Read the data set from Lecture 4.
dat1 <-read.table("lecture4ex1.csv", sep=",", header=TRUE)
First, check whether the tank volume and the number of goldfishes predict the random intercept.
out1m1 <- lmer(consume ~ 1 + I(length - 15) + goldcolor + (1 + I(length - 15)|groupid),
data=dat1, REML=FALSE, control = lmerControl(optimizer ="Nelder_Mead"))
out1m1intcept <- lmer(consume ~ 1 + I(length - 15) + goldcolor + I(volume - 1) + I(nfish - 8)
+ (1 + I(length - 15)|groupid), data=dat1, REML=FALSE,
control = lmerControl(optimizer ="Nelder_Mead"))
anova(out1m1, out1m1intcept)
## Data: dat1
## Models:
## out1m1: consume ~ 1 + I(length - 15) + goldcolor + (1 + I(length - 15) | groupid)
## out1m1intcept: consume ~ 1 + I(length - 15) + goldcolor + I(volume - 1) + I(nfish - 8) + (1 + I(length - 15) | groupid)
## npar AIC BIC logLik deviance Chisq Df Pr(>Chisq)
## out1m1 7 4109.4 4142.3 -2047.7 4095.4
## out1m1intcept 9 4072.2 4114.4 -2027.1 4054.2 41.214 2 1.123e-09 ***
## ---
## Signif. codes: 0 '***' 0.001 '**' 0.01 '*' 0.05 '.' 0.1 ' ' 1
Use the tank volume and the number of goldfishes to predict random
slopes of the fish lengths. For running likelihood ratio test, in the
full model, out1m1slope
, the tank-level predictors predict
both random intercept and random slope while, in the restricted model,
out1m1intcept
, the tank-level predictors predict only
random intercept.
out1m1slope <- lmer(consume ~ 1 + I(length - 15) + goldcolor + I(volume - 1) + I(nfish - 8)
+ I(length - 15):I(volume - 1) + I(length - 15):I(nfish - 8)
+ (1 + I(length - 15)|groupid),
data=dat1, REML=FALSE, control = lmerControl(optimizer ="Nelder_Mead"))
anova(out1m1intcept, out1m1slope)
## Data: dat1
## Models:
## out1m1intcept: consume ~ 1 + I(length - 15) + goldcolor + I(volume - 1) + I(nfish - 8) + (1 + I(length - 15) | groupid)

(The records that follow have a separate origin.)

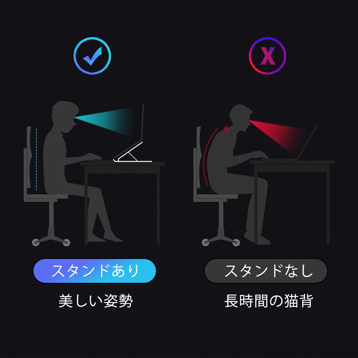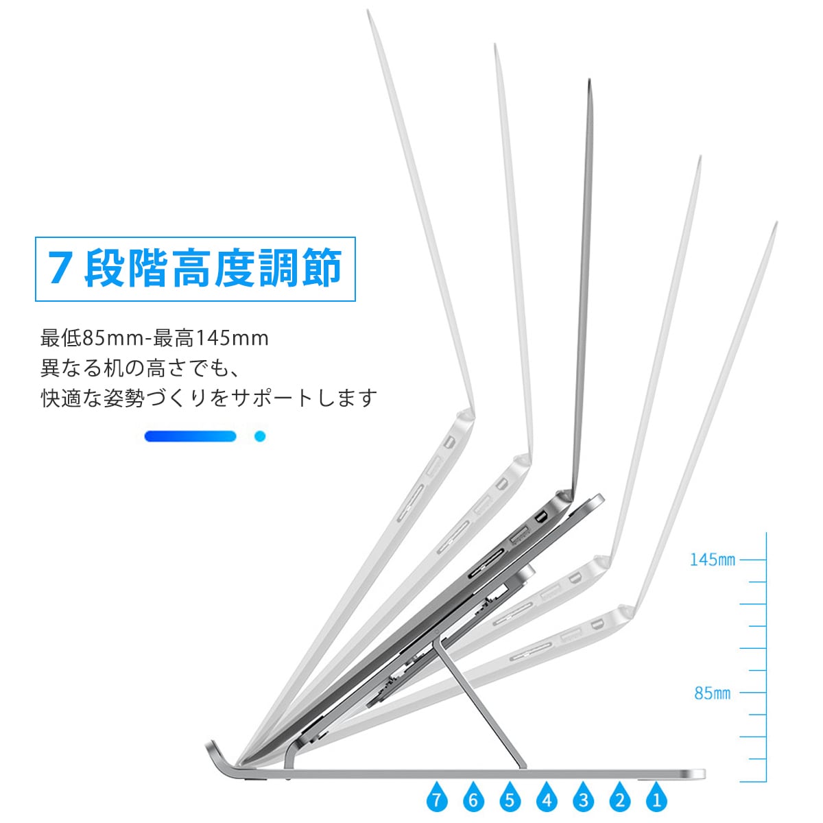 アルミ 肩こり 持ち運び 収納 滑り止め シンプル スタイリッシュ 高さ調整可能 コンパクト 角度 リモートワーク 冷却 放熱 Macbook 17インチ 収納ケース付き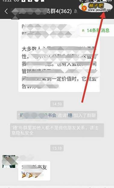 3进入微信群页面后,点击右上角的三个点,如下图所示: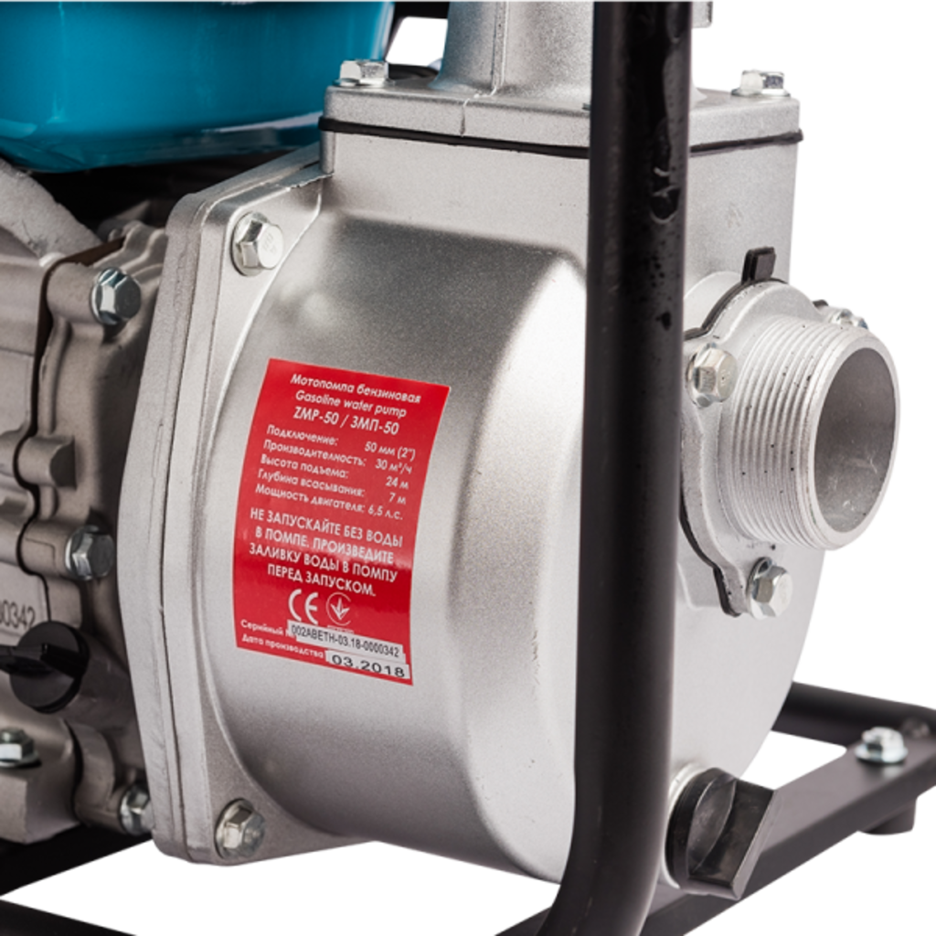 Мотопомпа бензинова ЗЕНИТ ЗМП-50 з 4-тактним одноциліндровим електродвигуном потужністю 6,5 к.с. і ємністю паливного бака до 3,6 л має високу продуктивність і здатна до швидкого перекачування води до 500 л/хв, 30 (м³/год). Паливом для роботи є бензин марки АИ-92.

## out1m1slope: consume ~ 1 + I(length - 15) + goldcolor + I(volume - 1) + I(nfish - 8) + I(length - 15):I(volume - 1) + I(length - 15):I(nfish - 8) + (1 + I(length - 15) | groupid)
## npar AIC BIC logLik deviance Chisq Df Pr(>Chisq)
## out1m1intcept 9 4072.2 4114.4 -2027.1 4054.2
## out1m1slope 11 4070.8 4122.5 -2024.4 4048.8 5.3731 2 0.06811 .
## ---
## Signif. codes: 0 '***' 0.001 '**' 0.01 '*' 0.05 '.' 0.1 ' ' 1
Even though the likelihood ratio test was not significant, let’s check each interaction term.
summary(out1m1slope)
## Linear mixed model fit by maximum likelihood ['lmerMod']
## Formula: consume ~ 1 + I(length - 15) + goldcolor + I(volume - 1) + I(nfish -
## 8) + I(length - 15):I(volume - 1) + I(length - 15):I(nfish -
## 8) + (1 + I(length - 15) | groupid)
## Data: dat1
## Control: lmerControl(optimizer = "Nelder_Mead")
##
## AIC BIC logLik deviance df.resid
## 4070.8 4122.5 -2024.4 4048.8 800
##
## Scaled residuals:
## Min 1Q Median 3Q Max
## -3.2657 -0.6586 0.0523 0.6363 2.8170
##
## Random effects:
## Groups Name Variance Std.Dev. Corr
## groupid (Intercept) 12.34246 3.5132
## I(length - 15) 0.01195 0.1093 0.67
## Residual 5.98796 2.4470
## Number of obs: 811, groups: groupid, 100
##
## Fixed effects:
## Estimate Std. Error t value
## (Intercept) 43.786852 0.717966 60.987
## I(length - 15) 0.928289 0.043326 21.426
## goldcolor -0.490354 0.183360 -2.674
## I(volume - 1) 15.117734 2.051729 7.368
## I(nfish - 8) -1.117353 0.211192 -5.291
## I(length - 15):I(volume - 1) 0.224905 0.123540 1.821
## I(length - 15):I(nfish - 8) -0.004754 0.013094 -0.363
##
## Correlation of Fixed Effects:
## (Intr) I(-15) gldclr I(v-1) I(n-8) I(-1-1
## I(lngth-15) 0.352
## goldcolor -0.135 0.008
## I(volume-1) 0.851 0.313 -0.008
## I(nfish-8) -0.669 -0.249 0.004 -0.759
## I(-15):I(-1 0.321 0.843 -0.016 0.396 -0.291
## I(-15):I(-8 -0.238 -0.750 -0.017 -0.276 0.360 -0.762
The the tank volume alone significantly predicted the random slope but the number of fishes could not significantly predict the random slope. Then, the tank volume effect was retained and the effect of the number of fishes was dropped.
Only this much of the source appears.